_Assigned task:_
Retype the listing found below exactly, but leave out each picture.

-------

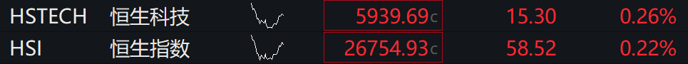 恒生指数涨0.22%,恒生科技指数涨0.26%,医药股、科技股表现活跃。小鹏汽车涨超2%,京东健康、携程、网易等涨超1%;蔚来跌超4%,阿里巴巴跌超2%。
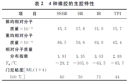 對于橡膠材料,其相對分子質(zhì)量及其分布對加工性能有很大影響。SSBR,BR,IR和TPI的生膠特性如表2所示。
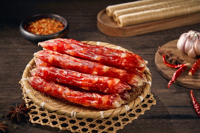 地道梧州风味与广东腊肠同宗不同源,梧州腊肠历史悠久,上可追溯至清光绪二十六年的“良田腊味”。制作时讲究“三味三香”:豉味(酱油香)、香味(酒香)、风味(腊味香),包裹腊肠的肠衣要求薄细、均匀,制作时“灌得满、斟得匀、绑得紧”。
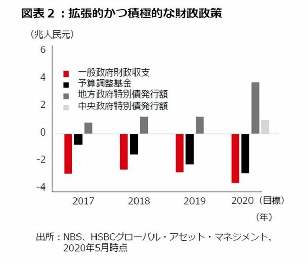 財政支出の優先順位は、内需回復に焦点が当てられており、とりわけ、医療支出および企業/中小企業支援、「新しい」インフラストラクチャー(例えば、グローバル・テクノロジー推進計画を実行するための5Gネットワーク、産業用インターネット、データセンター、新エネルギー車(NEV)充電ステーションなど)や新しい都市化(例えば、2019年の目標19,000に対し39,000の古い都市コミュニティのリノベーション)などの「効果的な」投資に重点が置かれるだろう。
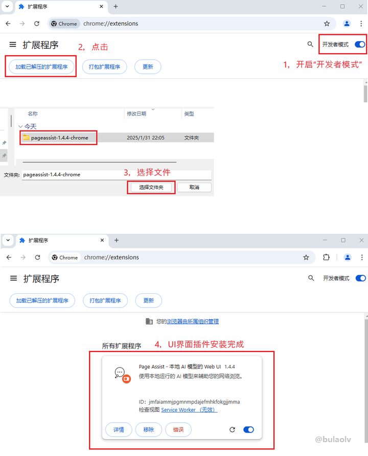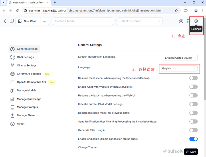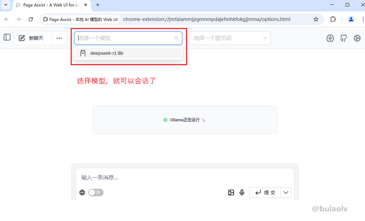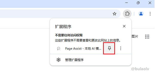 点击“扩展”后,再点击图钉把UI界面固定,使用的时候点击它就好了,别忘ollama也启动哦,ollama启动后在显示屏右下角展开后能看到一只小羊驼的样子🦙
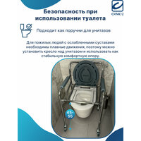 | Особенности | использование в качестве стула, откидываемая крышка, откидываемые подлокотники, противоскользящие наконечники ножек, противоскользящие подлокотники, регулировка высоты сиденья, съемная спинка, съемное санитарное оснащение, тормозное устройство на колесах |

-------

_Answer for this exercise:_
 恒生指数涨0.22%,恒生科技指数涨0.26%,医药股、科技股表现活跃。小鹏汽车涨超2%,京东健康、携程、网易等涨超1%;蔚来跌超4%,阿里巴巴跌超2%。
 對于橡膠材料,其相對分子質(zhì)量及其分布對加工性能有很大影響。SSBR,BR,IR和TPI的生膠特性如表2所示。
 地道梧州风味与广东腊肠同宗不同源,梧州腊肠历史悠久,上可追溯至清光绪二十六年的“良田腊味”。制作时讲究“三味三香”:豉味(酱油香)、香味(酒香)、风味(腊味香),包裹腊肠的肠衣要求薄细、均匀,制作时“灌得满、斟得匀、绑得紧”。
 財政支出の優先順位は、内需回復に焦点が当てられており、とりわけ、医療支出および企業/中小企業支援、「新しい」インフラストラクチャー(例えば、グローバル・テクノロジー推進計画を実行するための5Gネットワーク、産業用インターネット、データセンター、新エネルギー車(NEV)充電ステーションなど)や新しい都市化(例えば、2019年の目標19,000に対し39,000の古い都市コミュニティのリノベーション)などの「効果的な」投資に重点が置かれるだろう。
 点击“扩展”后,再点击图钉把UI界面固定,使用的时候点击它就好了,别忘ollama也启动哦,ollama启动后在显示屏右下角展开后能看到一只小羊驼的样子🦙
 | Особенности | использование в качестве стула, откидываемая крышка, откидываемые подлокотники, противоскользящие наконечники ножек, противоскользящие подлокотники, регулировка высоты сиденья, съемная спинка, съемное санитарное оснащение, тормозное устройство на колесах |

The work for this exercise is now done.